I am trying to write a program dealing with random number generation, but I figured this would be the best forum to ask this. My program will, given each of the March Madness teams' probabilities of winning at each round, generate a partially random bracket based on those numbers. My program uses FiveThiryEight's round-by-round numbers. My algorithm for determining a winner is to take each team's chance of winning that round (doesn't add to 1 in later rounds by design, since the odds are all from the first round looking ahead), multiply each teams' odds by a uniformly distributed number between 0 and 1, and advancing the team with the higher score by this method to the next round.

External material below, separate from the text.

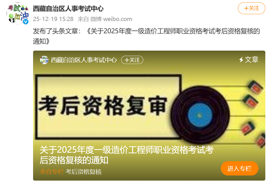 2025年12月19日,西藏自治区人事考试中心发布《关于2025年度一级造价工程师职业资格考试考后资格复核的通知》,请相关人员于12月22日-25日规定时段内通过线上提交(建议办理方式)或现场提交两种方式办理资格复核。

However, this is creating some unexpected behavior. For example: a team with a 40% chance of winning round 2 against a team with a 20% chance of winning the round will win 3/4 of the time, instead of 2/3 as would be expected. A team with a 60% chance against a team with a 40% chance in round 1 will win 2/3 of the time instead of 3/5. These results are the product of a small Matlab script I wrote to test the algorithm. Where is the problem in the algorithm, and how can I fix it?
If $U$ and $V$ are independent random numbers in $[0,1]$ with uniform distribution, and $0 < a < b$, then $P(a U > bV) = a/(2b)$ and $P(a U < bV) = 1 - a/(2b) = (2b - a)/(2b)$.
This can be seen from a diagram: $P(aU > bV)$ is the area of the triangle with vertices $(0,0)$, $(1,0)$ and $(1,a/b)$. So the ratio of probabilities is not $a$ to $b$ but $a$ to $2b-a$. If you want team A to beat team B with probability $p$ (where $p \le 1/2$), you want to take $a = 2 p b $.